Pancakes — H@cktivityCon CTF Challenge
Pancakes, the easiest of the binary exploitation challenges, was a fun little binary for some quick points during H@cktivityCon by HackerOne. I appreciated the simplicity of the challenge and it ended up being one of my favorite of the event.
“Pancakes” was an ELF binary that produced a lovely little stack of ascii-pancakes after asking how many you want. Once you entered a value, the application would run and produce the output shown in the image below.
Each challenge came with a binary so step one was to see what was going on under the hood. Using Ghidra, you can see that the application was “gets-ing” input from the user and placing it in a 128 byte char array. After getting the input, the application calls “atoi” on the value and then never uses it again. Regardless of how the value is used, the input process becomes the source for the buffer overflow due to the lack of validation before writing to the buffer. Within Ghidra, and confirmed in EDB, you can see an unused function “secret_recipe” at memory location “0x0040098b.” This function reads “flag.txt” from file and outputs the contents to the screen.

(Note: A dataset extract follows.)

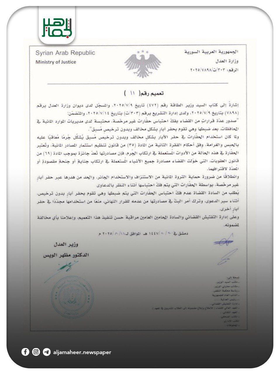 📌انطلاقاً من ضرورة حماية الثروة المائية من الاستنزاف والاستخدام الجائر، والحد من التعديات على المياه الجوفية عبر حفر الآبار بشكل عشوائي ومخالف للقانون، أصدرت وزارة العدل التعميم رقم (11).

We can see that the exploitation is going to have to overflow the character array and overwrite the return address with the address of the secret_recipe function. To do this, “msf-pattern_create” can be used to generate a unique sequence of characters and “msf-pattern_offset” can be used to query where a specific sequence is located in the original pattern. Running the application in EDB shows a segmentation fault when trying to return to an odd address that appears to be caused from our 200 character input string from msf-pattern_create. A quick lookup of the address shows that it was at an offset of 152.
Now that we have the offset, we can test it and attempt to read from a local file called “flag.txt” by using the secret function in the binary. Using python, 152 characters are generated and followed by the 64-bit address of the secret_recipe function in little-endian format. This string is then piped into the binary.

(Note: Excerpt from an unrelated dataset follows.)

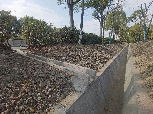 在趙重公路新豐支路至滬常高速段,由于道路兩側地塊標高較高,排水溝淤堵、填埋導致雨天經常出現內澇情況。針對該路段積水原因,改造工程重點解決路面積水匯流及排水出路問題,在非機動車道外側新建流水槽,將非機動車道外側積水引流至道路外側,翻挖新建邊溝、雨水連通管和雨水口,實現及時排水?!爸暗缆吩O計是自排水的,依靠道路兩側的土溝收集雨水,隨著這幾年道路周邊地塊開發,土溝已經不滿足排水要求,所以按照五年一遇的暴雨降水量,在道路兩側增設混凝土明溝收集道路雨水,現在施工已經完成,觀察下來,道路沒有發生過積水問題?!鼻嗥謪^道路運輸管理事務中心工作人員徐華介紹。

python -c "print 'A' * 152+ '\x8b\x09\x40\x00\x00\x00\x00\x00'" | ./pancakesSuccess! The contents of the file are printed below the stack of pancakes just before the application crashes. This means that we successfully overwrote the return address with the address of the secret_recipe function by overflowing the char array. Quick change to the command pipes the payload to a Netcat connection to the challenge box and we get the flag!
python -c "print 'A' * 152+ '\x8b\x09\x40\x00\x00\x00\x00\x00'" | nc jh2i.com 50021Thanks to HackerOne, and all those involved, for putting on a great event!